SAMARINDA – Ketua DPRD Kota Samarinda, Helmi Abdullah, memberikan jaminan penuh bahwa seluruh roda organisasi di lingkungan Sekretariat maupun Komisi DPRD tetap berputar secara optimal. Meskipun kebijakan bekerja dari rumah atau Work From Home (WFH) sedang berlaku selama dua pekan ke depan, Helmi menekankan bahwa hal tersebut bukan menjadi alasan bagi aparatur sipil negara (ASN) maupun staf untuk menurunkan produktivitas. Fokus utama lembaga legislatif saat ini adalah memastikan setiap aspirasi dan kebutuhan administratif masyarakat tidak mengalami hambatan teknis sedikit pun.
Kebijakan WFH ini diambil sebagai langkah strategis untuk menyesuaikan dinamika kondisi kerja saat ini, namun dengan tetap mengedepankan efektivitas birokrasi. Helmi Abdullah menjelaskan bahwa sistem koordinasi internal telah beralih menggunakan platform digital yang memungkinkan setiap bagian tetap terkoneksi secara real-time. Dengan demikian, pengawasan terhadap jalannya pemerintahan daerah dan pelayanan terhadap tamu-tamu dinas tetap terlaksana sesuai dengan standar operasional prosedur yang berlaku.
Strategi Pengaturan Kerja dan Optimalisasi Digital
Pihak Sekretariat DPRD Samarinda telah menyusun jadwal piket dan pembagian tugas yang ketat agar tidak terjadi kekosongan layanan di kantor. Helmi menginstruksikan seluruh jajaran untuk selalu siap siaga meski tidak berada di kantor secara fisik. Hal ini selaras dengan arahan dari Kementerian Pendayagunaan Aparatur Negara dan Reformasi Birokrasi (PANRB) mengenai fleksibilitas kerja ASN yang tetap mengedepankan kinerja organisasi.
Beberapa poin penting dalam pelaksanaan layanan selama masa WFH di DPRD Samarinda meliputi:
- Sistem Disposisi Elektronik: Memastikan seluruh surat masuk dan permohonan audiensi langsung terdistribusi ke komisi terkait secara cepat.
- Rapat Virtual Komisi: Pembahasan rancangan peraturan daerah (Raperda) dan rapat dengar pendapat (RDP) tetap terjadwal melalui aplikasi pertemuan daring.
- Layanan Informasi Publik: Petugas Pejabat Pengelola Informasi dan Dokumentasi (PPID) tetap melayani permohonan data melalui kanal digital resmi.
- Koordinasi Antar-Lembaga: Komunikasi dengan Pemerintah Kota Samarinda tetap intensif guna mengawal program pembangunan yang sedang berjalan.
Analisis: Transformasi Digital dalam Pelayanan Legislatif
Langkah yang diambil oleh DPRD Samarinda ini menunjukkan kematangan dalam manajemen krisis dan adaptasi teknologi. Secara kritis, transisi menuju sistem kerja hybrid ini seharusnya menjadi momentum bagi Sekretariat DPRD untuk mempermanenkan sistem administrasi digital yang terintegrasi. Keberhasilan dalam menjalankan WFH selama dua pekan ini akan menjadi tolok ukur sejauh mana efisiensi anggaran dapat tercapai tanpa mengurangi kualitas output kerja.

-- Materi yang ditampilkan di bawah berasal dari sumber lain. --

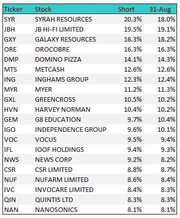 Short Interest; a quick look at the short interest post reporting season, the consumer names have clearly jumped higher as the market becomes increasingly negative household debt/interest rates/house prices, while battery input companies also dominate the list. Graphite prdocuer Syrah returned to the top of the list – it has been heavily shorted for some time, hovering around 20% mark with the company short on capital while looking to develop a battery anode plant in the US. Lithium names Galaxy & Orocobre come in 3rd & 4th, although GXY has recently seen some short covering. The rest of the top 10 is all consumer facing stocks with most seeing short interest increase over the first week of September.

Selain itu, masyarakat diimbau untuk tetap memanfaatkan kanal komunikasi resmi jika memiliki keperluan mendesak. Helmi Abdullah menegaskan bahwa keterbukaan informasi publik adalah harga mati. Beliau juga mengajak masyarakat untuk aktif memantau jalannya program kerja melalui media sosial resmi DPRD, sehingga fungsi pengawasan tetap berjalan dua arah. Langkah ini sejalan dengan upaya sebelumnya terkait evaluasi kinerja tahunan Sekretariat DPRD yang menuntut transparansi lebih tinggi.
Penutupan kebijakan WFH ini nantinya akan diikuti dengan evaluasi menyeluruh. Helmi berharap seluruh staf dan anggota dewan dapat membuktikan bahwa integritas kerja tidak terbatas oleh ruang kantor. Dengan komitmen yang kuat, pelayanan publik di Samarinda diharapkan tetap menjadi percontohan bagi daerah lain di Kalimantan Timur dalam hal adaptabilitas birokrasi di era modern.